Having recently been invited to a high school reunion I have no overwhelming desire to attend, I suppose I was more prepared than most, emotionally, for the reckoning of Anna Odell’s “The Reunion” — I’d already had the film’s particular fantasy wish-fulfillment on my mind for some time. The notion of storming audaciously into a class reunion with an agenda of psychological revenge, as occurs loudly and messily here, is certainly appealing, and it was difficult to watch Odell stage her grand display of retribution without imagining the would-be satisfactions of my own. I mention this because personal resonance is central to “The Reunion”’s appeal: my affection for the film seems in some sense inextricable from the intensity of the memories it wrested out of me, the decade of resentment its spark reignited, and though I recommend it I should probably add that those who don’t relate to its sentiments may not leave quite so affected. What I can say with some certainty is that the film remains true to experiences and feelings I share. How much pleasure you derive from that truth strikes me as somewhat more contingent. So let’s defer to a cliche: Your mileage may vary.

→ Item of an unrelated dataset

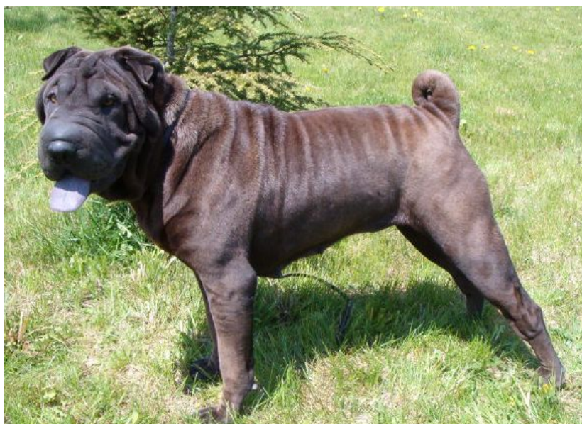
DEBIE BLACK Best Pei

The vicarious thrills offered by “The Reunion” are on display from the outset. Anna (the writer and director herself, as herself), a well-known Swedish artist and provocateur, arrives late to her twenty-year high school reunion eager to address the crowd with a speech. The virtuoso harangue that follows — part confessional, part confrontation, the lot of it charged with long-harbored animosity —  closely resembles the inciting action of Thomas Vinterberg’s dogme opus “The Celebration”, to which the film has frequently been compared. The key difference is that for Odell, the invective is very much a personal expression: we are bearing witness here to an airing of real grievances, and we are painfully aware throughout that they are being delivered not to the people who matter but to actors meant to embody them. This situation, we sense, is Odell’s private conception of how she relates to the past, an imagined victory she couldn’t realize for real. She tells her classmates that she must do this here and now because there wouldn’t be another opportunity. We understand that it actually goes further: there never was an opportunity. She had to invent one.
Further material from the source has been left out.